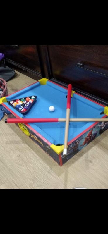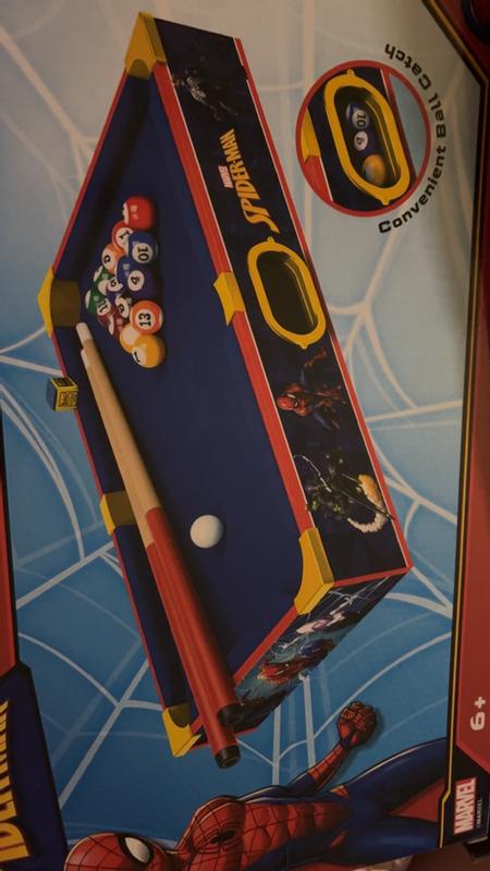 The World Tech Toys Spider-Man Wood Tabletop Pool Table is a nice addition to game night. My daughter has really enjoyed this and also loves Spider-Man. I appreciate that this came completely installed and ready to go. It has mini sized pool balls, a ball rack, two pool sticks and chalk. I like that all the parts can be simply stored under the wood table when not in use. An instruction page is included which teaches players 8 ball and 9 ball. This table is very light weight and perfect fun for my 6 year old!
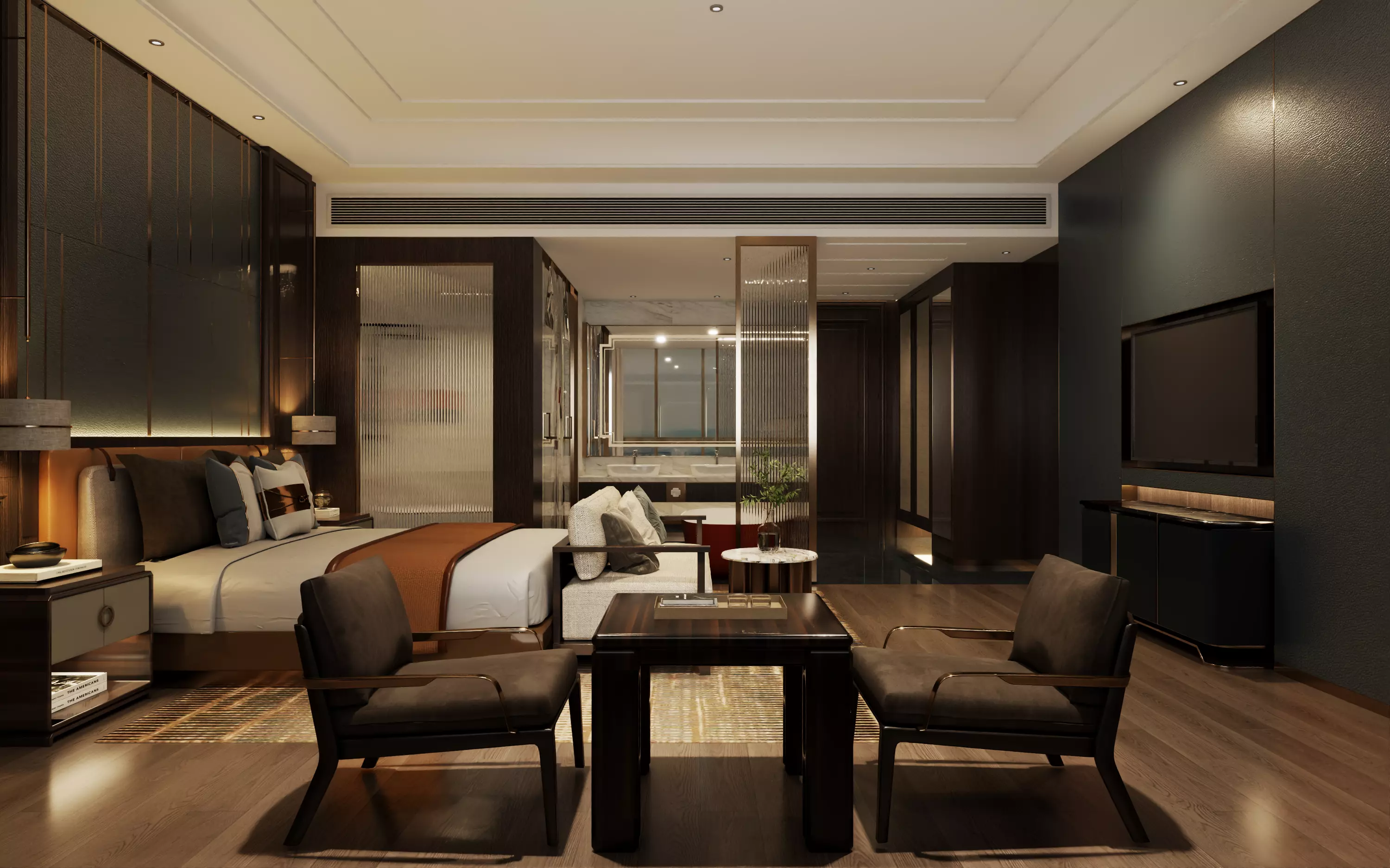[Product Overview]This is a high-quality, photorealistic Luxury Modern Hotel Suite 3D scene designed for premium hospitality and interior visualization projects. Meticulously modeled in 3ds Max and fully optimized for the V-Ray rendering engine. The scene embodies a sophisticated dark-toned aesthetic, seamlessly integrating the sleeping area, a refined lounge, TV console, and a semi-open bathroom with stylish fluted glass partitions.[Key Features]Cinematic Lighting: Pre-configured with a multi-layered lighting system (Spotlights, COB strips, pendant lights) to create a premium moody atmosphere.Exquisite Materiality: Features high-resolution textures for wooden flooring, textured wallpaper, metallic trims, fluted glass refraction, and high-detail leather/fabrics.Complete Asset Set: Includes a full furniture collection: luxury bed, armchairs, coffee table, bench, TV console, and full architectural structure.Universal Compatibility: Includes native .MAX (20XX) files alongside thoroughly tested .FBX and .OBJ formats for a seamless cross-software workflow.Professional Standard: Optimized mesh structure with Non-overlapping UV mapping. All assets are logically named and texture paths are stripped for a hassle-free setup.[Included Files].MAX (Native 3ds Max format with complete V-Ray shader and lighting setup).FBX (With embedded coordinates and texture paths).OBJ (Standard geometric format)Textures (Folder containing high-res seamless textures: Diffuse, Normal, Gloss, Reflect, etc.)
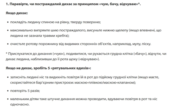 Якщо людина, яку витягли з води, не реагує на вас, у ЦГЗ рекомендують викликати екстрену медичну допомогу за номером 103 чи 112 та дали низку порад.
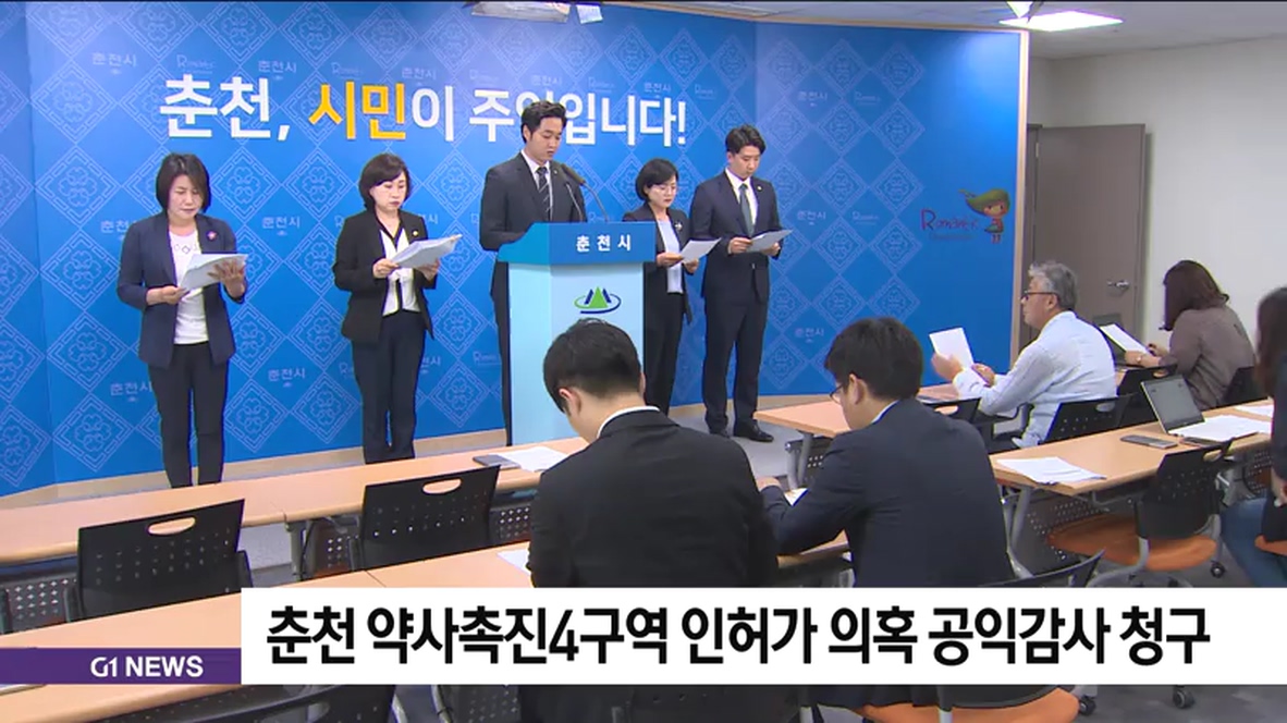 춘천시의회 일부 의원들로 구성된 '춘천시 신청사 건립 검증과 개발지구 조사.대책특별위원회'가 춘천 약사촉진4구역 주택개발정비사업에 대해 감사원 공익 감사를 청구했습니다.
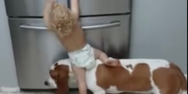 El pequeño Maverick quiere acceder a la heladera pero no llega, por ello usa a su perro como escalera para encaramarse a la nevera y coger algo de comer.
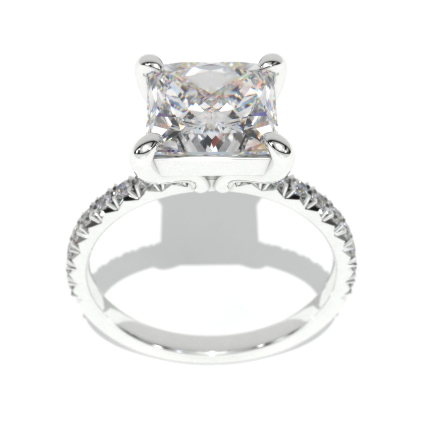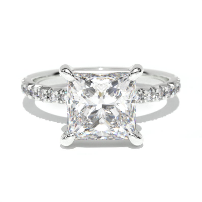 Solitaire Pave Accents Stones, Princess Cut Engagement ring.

________________

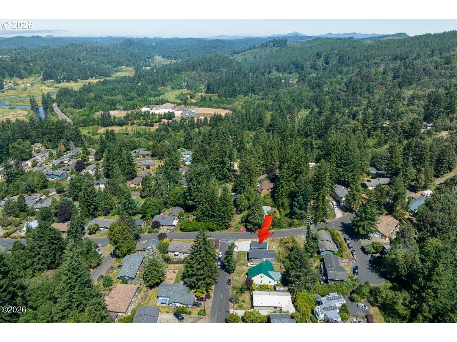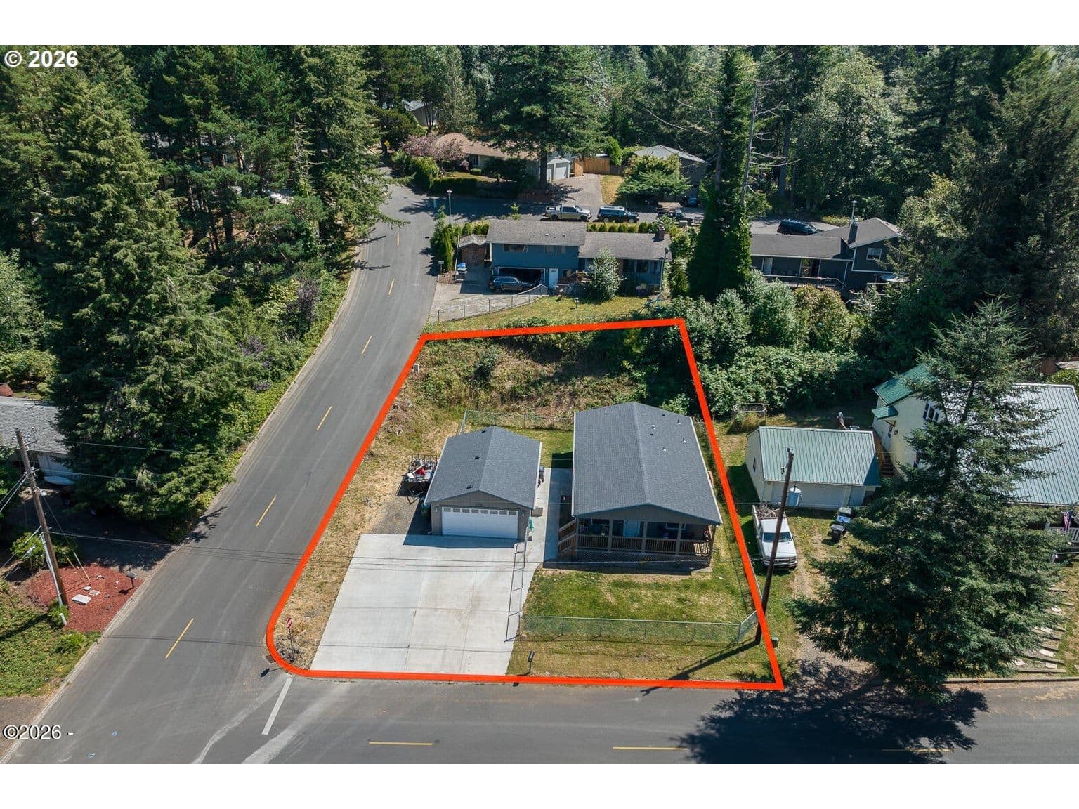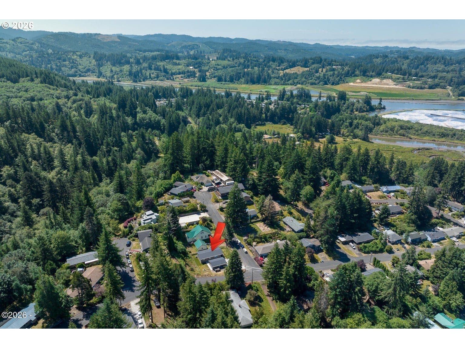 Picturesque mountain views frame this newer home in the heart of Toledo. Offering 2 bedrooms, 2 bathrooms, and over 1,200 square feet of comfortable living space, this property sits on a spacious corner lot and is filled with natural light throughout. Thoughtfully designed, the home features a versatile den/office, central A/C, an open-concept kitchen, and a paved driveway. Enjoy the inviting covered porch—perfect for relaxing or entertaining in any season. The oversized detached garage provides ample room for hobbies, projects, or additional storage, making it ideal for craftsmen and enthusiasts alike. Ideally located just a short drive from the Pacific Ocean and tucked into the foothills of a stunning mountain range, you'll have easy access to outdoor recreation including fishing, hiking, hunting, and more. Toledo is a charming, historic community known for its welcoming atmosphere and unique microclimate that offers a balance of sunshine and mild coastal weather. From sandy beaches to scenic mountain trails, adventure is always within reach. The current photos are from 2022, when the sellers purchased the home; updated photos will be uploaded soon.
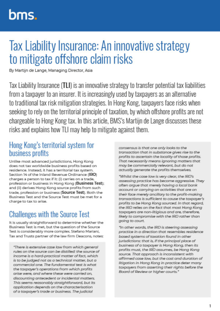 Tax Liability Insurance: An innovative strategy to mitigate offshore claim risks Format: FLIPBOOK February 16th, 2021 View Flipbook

________________

▶ _TASK BRIEF_
Look back at the data above, then output exactly the lines from the line holding "Якщо людина, яку" up to and including the line holding "Solitaire Pave Accents". Leave out the pictures.

▶ _RESULT OF THIS TASK_
 Якщо людина, яку витягли з води, не реагує на вас, у ЦГЗ рекомендують викликати екстрену медичну допомогу за номером 103 чи 112 та дали низку порад.
 춘천시의회 일부 의원들로 구성된 '춘천시 신청사 건립 검증과 개발지구 조사.대책특별위원회'가 춘천 약사촉진4구역 주택개발정비사업에 대해 감사원 공익 감사를 청구했습니다.
 El pequeño Maverick quiere acceder a la heladera pero no llega, por ello usa a su perro como escalera para encaramarse a la nevera y coger algo de comer.
 Solitaire Pave Accents Stones, Princess Cut Engagement ring.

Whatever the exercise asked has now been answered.